Confirmation Bias, Part Two

In a post called “Confirmation Bias,” I discussed “Confirmation,” an HBO film about the 1991 hearings on Clarence Thomas’ nomination to the Supreme Court, and Anita Hill’s sexual harassment allegations against him. When I wrote the post two months ago, Senators John Danforth and Alan Simpson, two moderate Republicans who supported the Thomas nomination, had complained about the script they saw. Simpson called it a “seriously distorted” version of the actual confirmation hearings.

Now, with the movie having aired this weekend, Stuart Taylor, a prominent journalist who covered the hearings all those years ago, adds his voice to those who see “Confirmation” as a Hollywood hit job on Justice Thomas. Taylor says that “viewers of ‘Confirmation’ were deprived of several aspects of the story that might have made them. . .skeptical of Ms. Hill,” just as the majority of Americans who witnessed the actual hearings were.

Taylor provides plenty of examples. First:

The movie ignores Ms. Hill’s failure to mention either in her initial written statement to the Judiciary Committee or in her FBI interview some of the most shocking charges about Mr. Thomas’s behavior that she added in testimony three weeks later. Worse, when asked about these omissions, Ms. Hill claimed that the FBI agents had told her that she need not “discuss things that were too embarrassing.” Both agents flatly contradicted this.

(Emphasis added)


“Confirmation” also doesn’t mention that Ms. Hill denied—five times—in sworn testimony any recollection of being told by a Democratic staffer that she might be able to force Mr. Thomas to withdraw without being publicly identified. The movie thereby avoids needing to report that, after conferring with her lawyers, Ms. Hill admitted having been told this.


Viewers also weren’t told about Ms. Hill’s implausible claim that a fear of losing her job was a key reason she had followed Mr. Thomas—despite finding him repellent—when he moved from the Education Department to become chairman of the Equal Employment Opportunity Commission in 1982. Much evidence—including the fact that she enjoyed job protection as a career employee—suggests that Ms. Hill must have known her Education Department job was secure. . . .


The film takes at face value Ms.
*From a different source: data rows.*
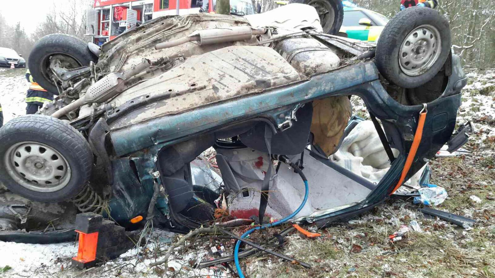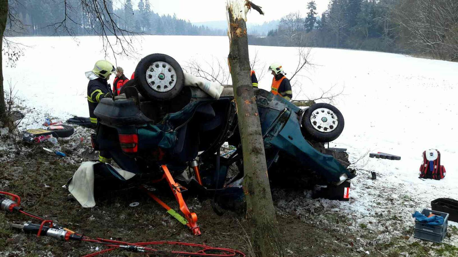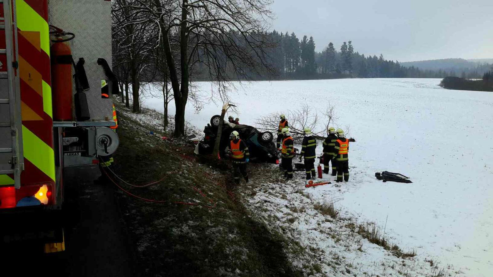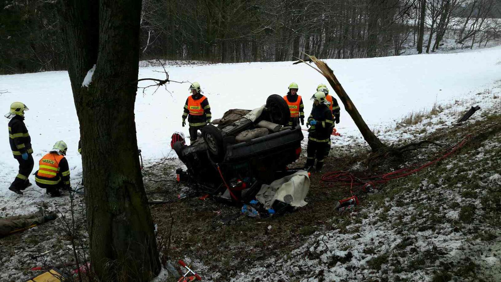 Řidič osobního vozidla vyjel ze silnice. S automobilem řidič přerazil strom a skončil na střeše. Při příjezdu hasičů byla uvnitř vozu zaklíněná osoba, kterou hasiči ihned začali vyprošťovat pomocí hydraulického vyprošťovacího zařízení. Po náročném vyproštění byla osoba předána do péče zdravotníků. Lékař ale konstatoval u osoby smrtelné zranění. Hasiči dále museli odříznout zlomený strom a poté vytáhli vozidlo z příkopu a převezli ho na policejní dvůr k dalšímu vyšetřování. Událost byla ze strany hasičů ukončena v 16.16 hodin.
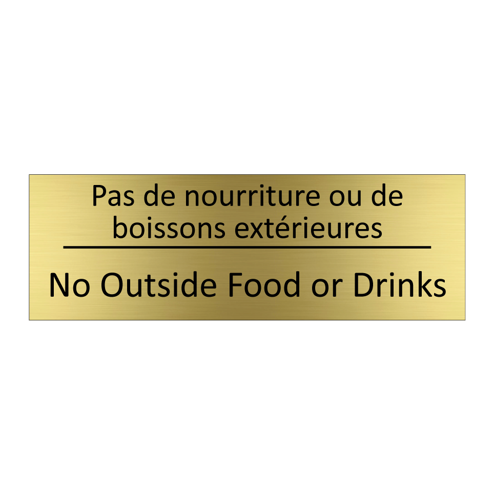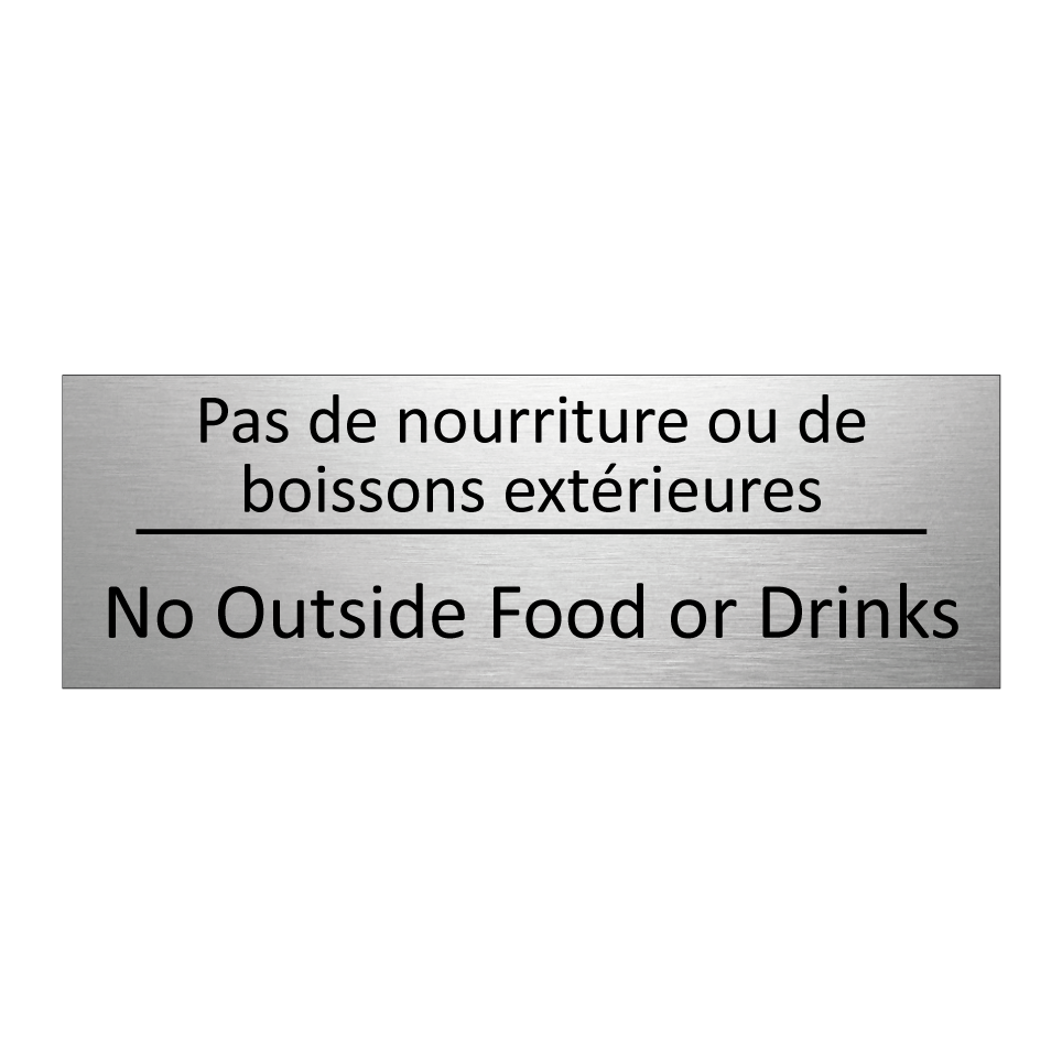 Panneau d'information avec le texte Pas de nourriture ou de boissons extérieures|No Outside Food or Drinks en français et en anglais.
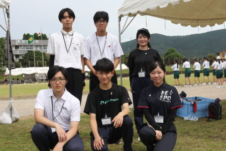 体育祭予行練習の補助を行った学生(川内中央中学校)
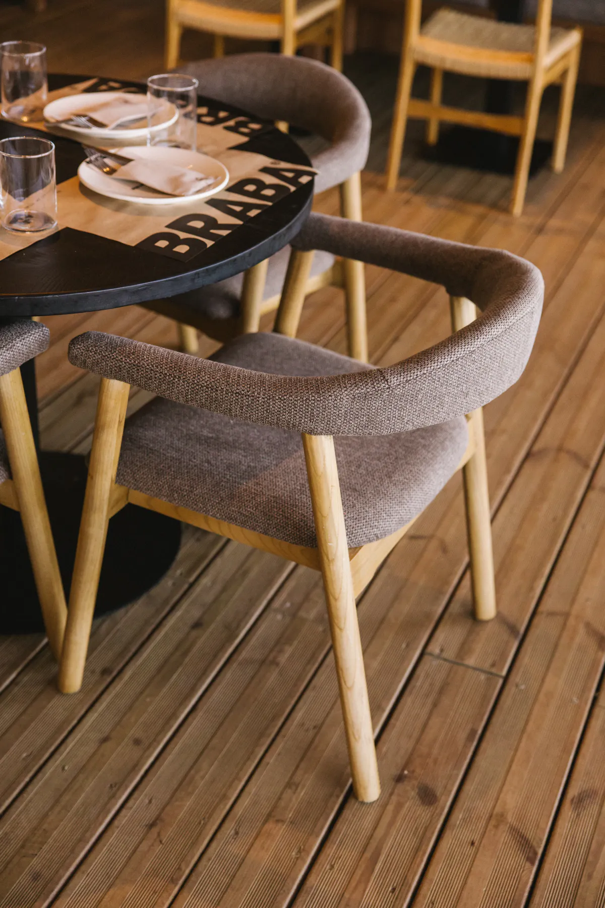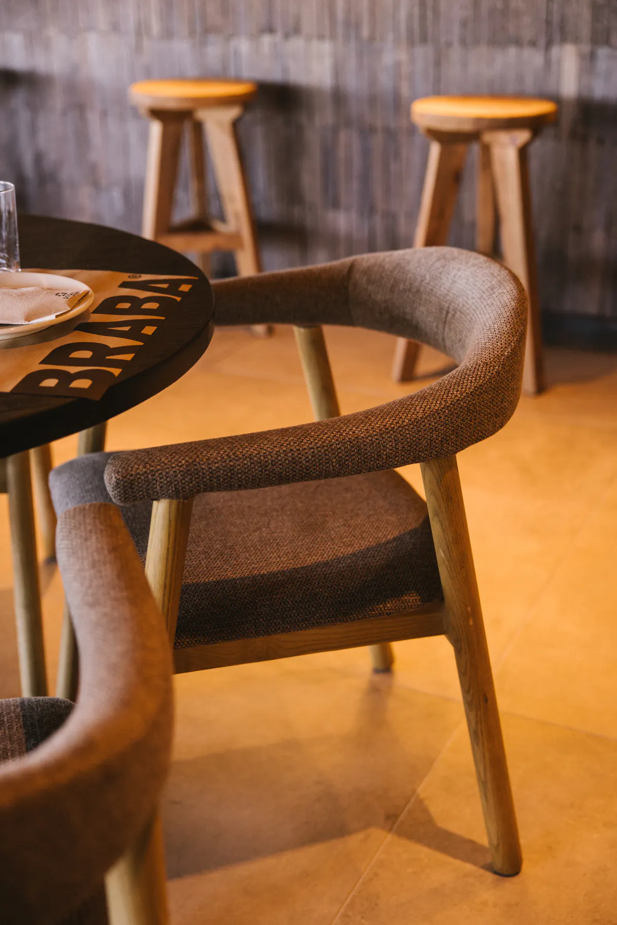 The chosen furniture reinforces this identity, creating a relaxed atmosphere that invites guests to enjoy their meal. Wooden chairs upholstered in natural tones predominate, combined with wooden tables with metal legs, as well as long benches with large cushions that provide comfort and help to organise the space. This ensemble strikes a balance between warmth and solidity, facilitating a flexible layout that adapts to all kinds of gatherings.

Hill’s shifting claims that the more than 11 phone calls she placed to Mr. Thomas in the six years after she left the EEOC were to return calls from him or on “professional” matters. It omits such contrary details as this Jan. 31, 1984, message from her for Mr. Thomas that a secretary had jotted down: “Just called to say hello. Sorry she didn’t get to see you last week.”


“Confirmation” also tries to erase the fact that nobody else has ever accused Mr. Thomas of sexual harassment or of talking as dirty as Ms. Hill said he did. The movie presents another former EEOC employee, Angela Wright, whom Mr. Thomas had fired, as a credible witness. . . .Thelma Duggin, a former colleague both of Mr. Thomas and Ms. Hill, told the FBI that Ms. Wright had vowed “to get him back” for firing her.


“Confirmation” does show a single former female colleague, and two males, as character witnesses praising Mr. Thomas. But the film doesn’t mention that almost a dozen other women gave similar, cumulatively powerful testimony. . .that Mr. Thomas treated women with respect, nurtured their careers and was proper to the point of prudishness at work.

Mark Paoletta, who as a lawyer in the George H.W. Bush administration worked to help confirm Thomas, has set up a website called “Confirmation Biased” which shows the considerable extent to which HBO’s docudrama is a work of fiction. “With imaginary scenes, fictional characters and a biased agenda, the film has become an unfair distortion of the truth,” says Paoletta.

What else could one expect of a Hollywood movie written and produced by donors to the Democratic party, and starring an actress who has appeared at the Democratic National Convention?

Paoletta tells us that the producer of “Confirmation,” Michael London who also produced a dishonest biopic of Hollywood communist Dalton Trumbo, says he “likes his movies to say “F*** you.'” As with “Trumbo,” in the case of London’s latest production, “you” means fairness and a decent regard for the truth.